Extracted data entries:
══════════

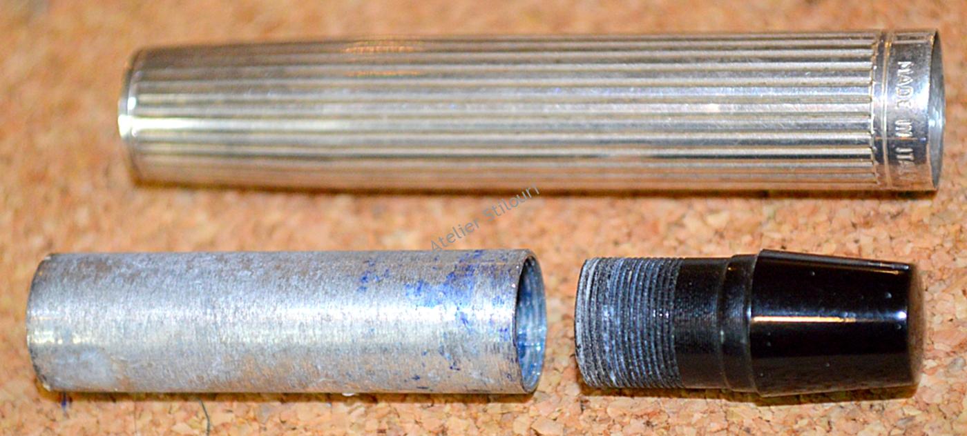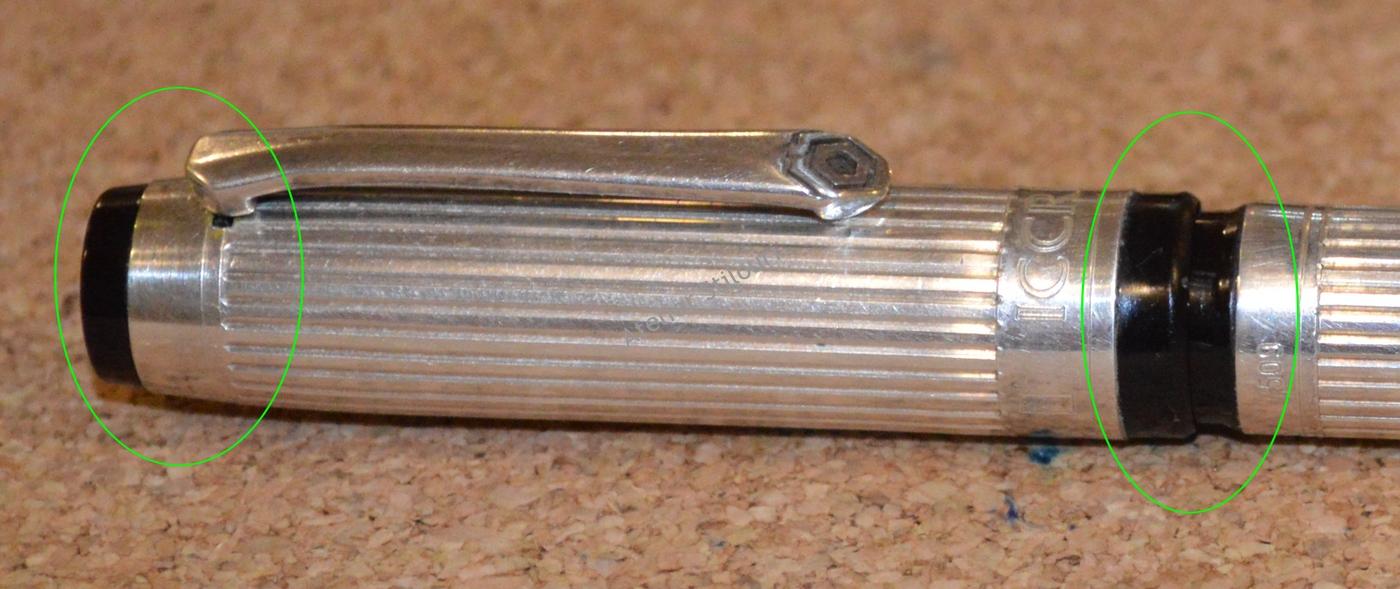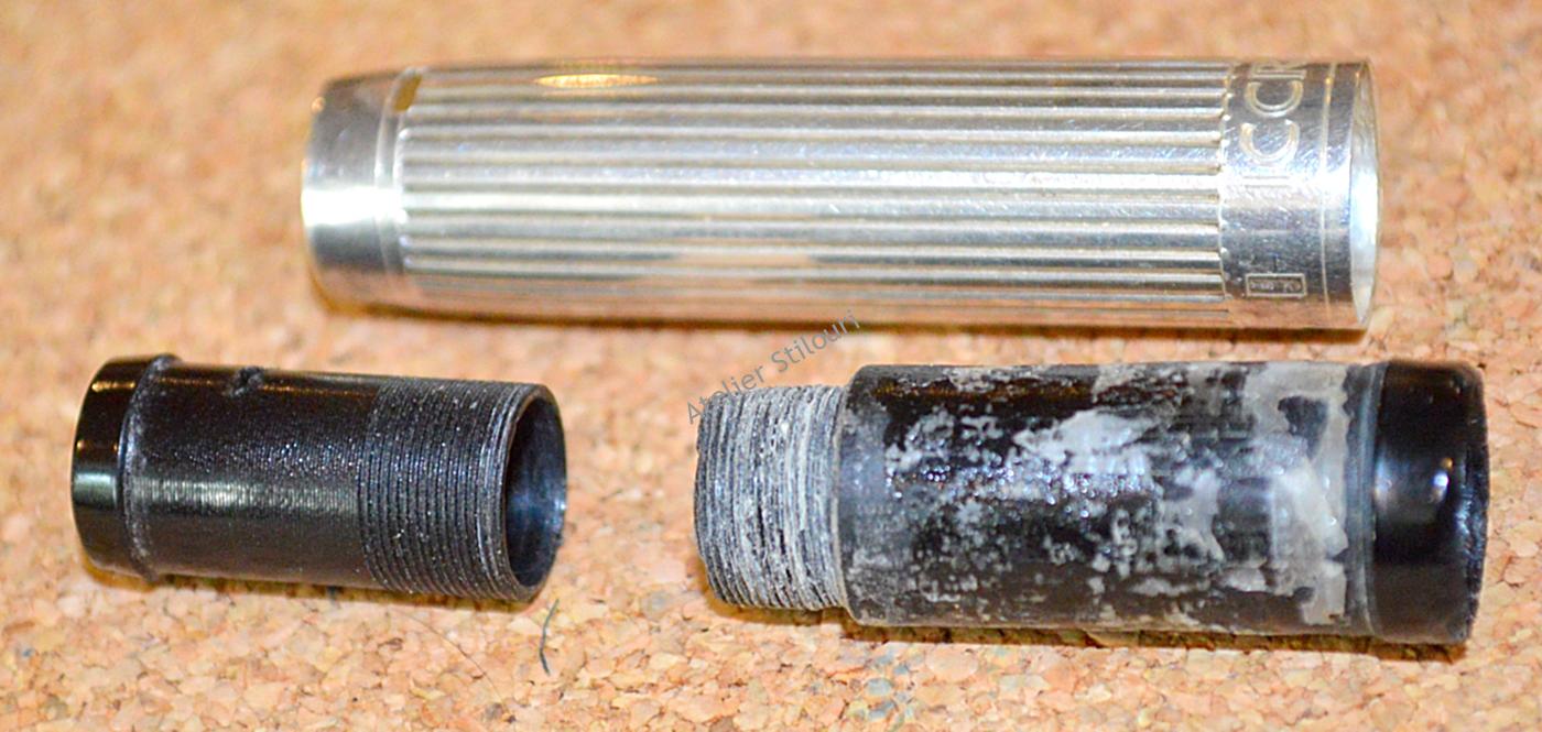 Sectiunea interna a capacului este afectata de adezivul folosit la fixare. Facuta prost, a lasat 2mm din sectiune inafara capacului, si astfel postarea pe stilou a dus la largirea gulerului, l’a zdrentuit si deformat. Partea cea mai proasta este ca filetul din interiorul sectiunii (care preia la inchidere corpul stiloului) a fost afectat rau, fiind aproape inutilizabil. Va trebui reconstruit un nou filet.
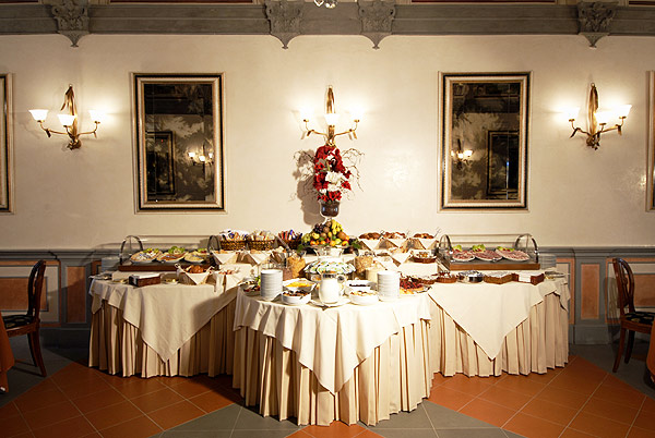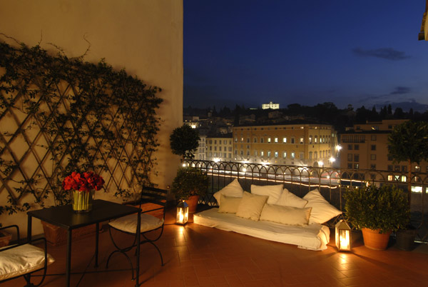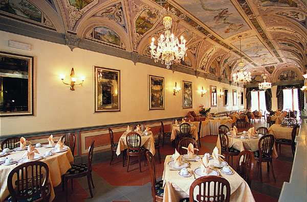 Из широких окон гостиницы и потрясающего сада на крыше (Roof garden) открываются превосходная панорама города и захватывающие дух виды на культурные сокровища Флоренции: Старый мост Понте Веккьо, дворец Палаццо Веккьо и, конечно же, возвышающийся над крышами флорентийских домиков купол Санта Мария дель Фьоре. Зал для завтрака украшен фресками XIX века и выходит окнами на реку Арно и el Ponte Vecchio.
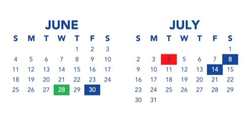 July 4th: Holiday (Friday July 7th service will be delayed one day)
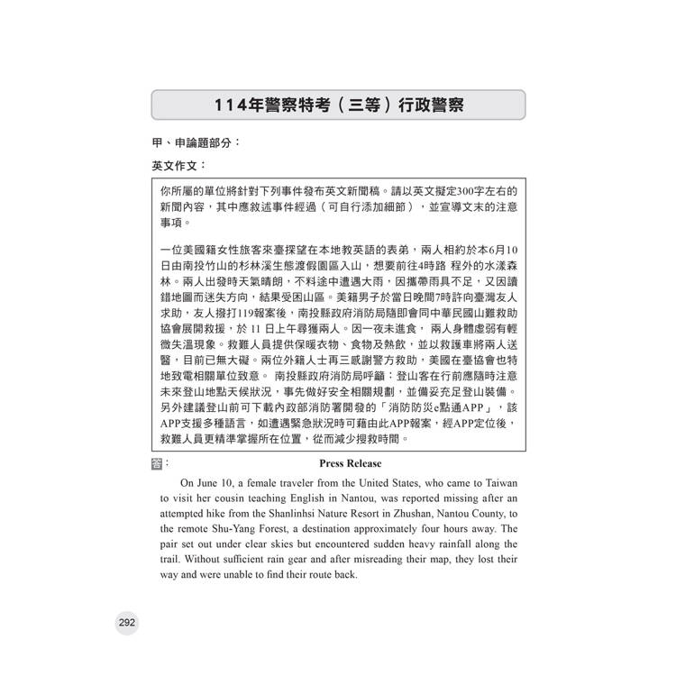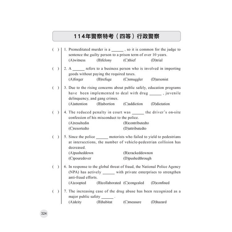 為全面提升公務人員的國際語言能力,強化政府面對全球化競爭時代來臨,95年之後,高普考、初考、司法特考、警察特考等皆新增列考英文一科。觀察以往警察特考的題型,不難發現單字、文法與克漏字選擇、閱讀測驗仍是考試的主題。整體而言,閱讀測驗的比例在試題中占全部考題的50%,可見在未來的公職考試英文中,這類題型必定會層出不窮。
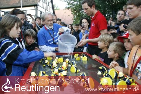 Eingebettet war die Aktion in das Landesjugendfeuerwehrfest, das von der Pfullinger Jugendfeuerwehr aus Anlass ihres 40-jährigen Bestehens ausgerichtet worden war. Mitgeholfen, die einhundert blauen, weißen und roten Eimer auf der rund fünf Kilometer langen Strecke durch die Echazstadt weiterzureichen, hatten deshalb damals auch viele Jugendliche aus dem ganzen Land.
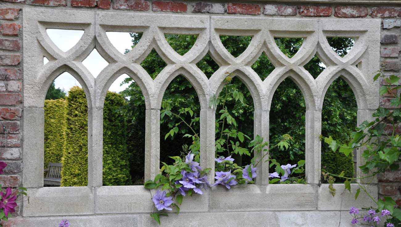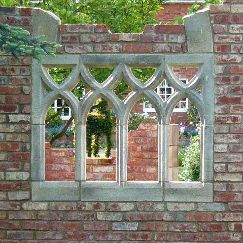 XXL Fenster mit Spitzbögen für Gartenruinen aus Steinguss - King Heawood / 115,0x212,4x10,0cm (HxBxT); 240kg
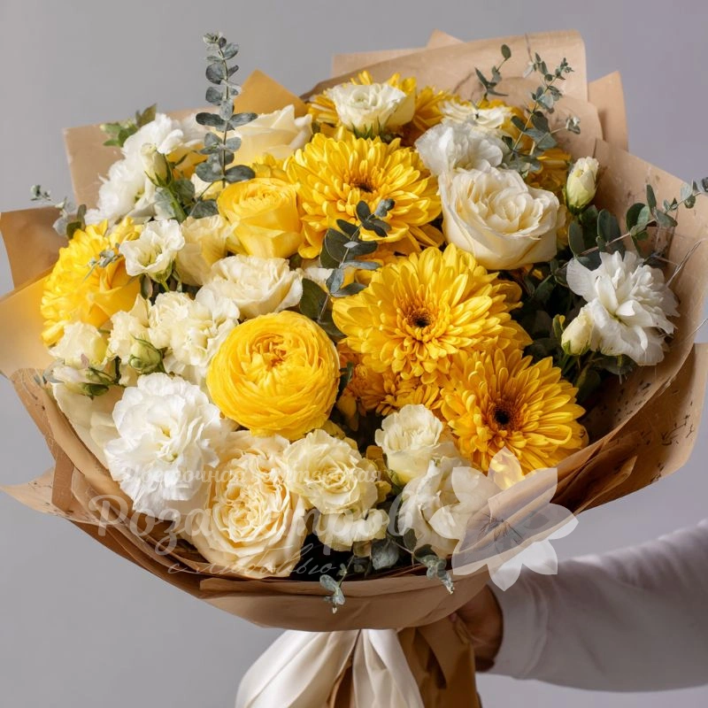Яркий букет из хризантем в жёлтой и белой гамме — словно лучик солнца в пасмурный день. Он поднимает настроение, наполняет пространство светом и идеально подойдёт для подарка без повода.
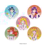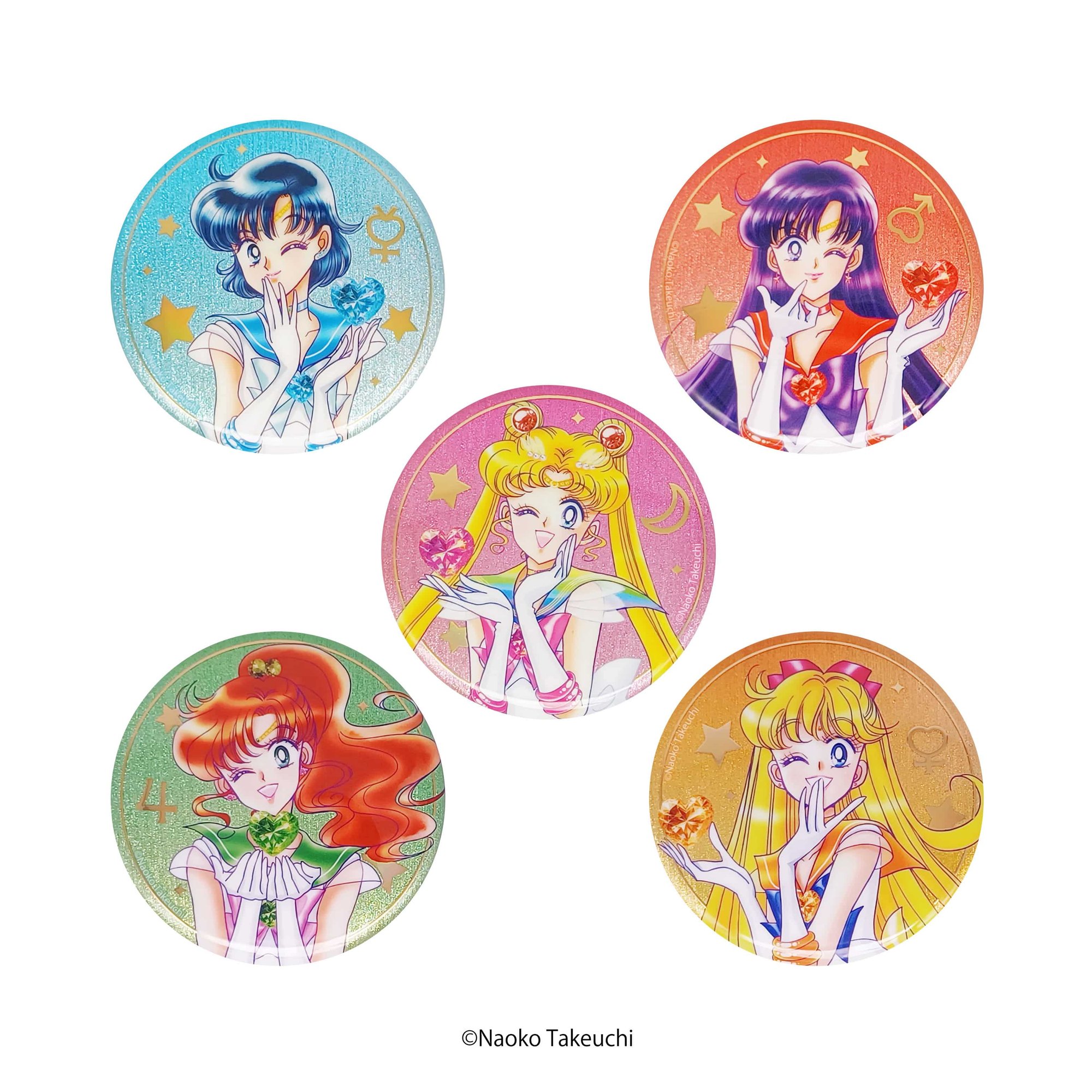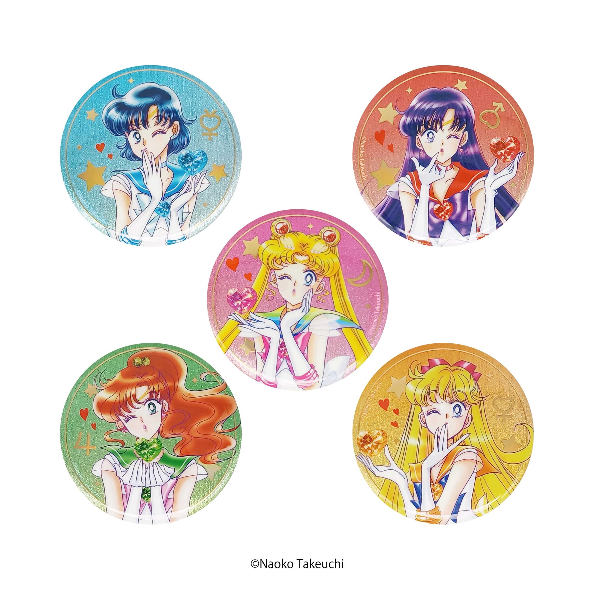 This aurora glitter pin badge has a striking presence thanks to its sparkling glitter background and aurora foil-stamped pattern. Please choose from "Smiling Set" or "Kiss Set". You will receive all five for each available set.

══════════

What you will do:
Retype, please, exactly the lines that begin with the one containing "XXL Fenster mit" and end at the last line of the entries above, both included, leaving out pictures.

Result below:
 XXL Fenster mit Spitzbögen für Gartenruinen aus Steinguss - King Heawood / 115,0x212,4x10,0cm (HxBxT); 240kg
Яркий букет из хризантем в жёлтой и белой гамме — словно лучик солнца в пасмурный день. Он поднимает настроение, наполняет пространство светом и идеально подойдёт для подарка без повода.
 This aurora glitter pin badge has a striking presence thanks to its sparkling glitter background and aurora foil-stamped pattern. Please choose from "Smiling Set" or "Kiss Set". You will receive all five for each available set.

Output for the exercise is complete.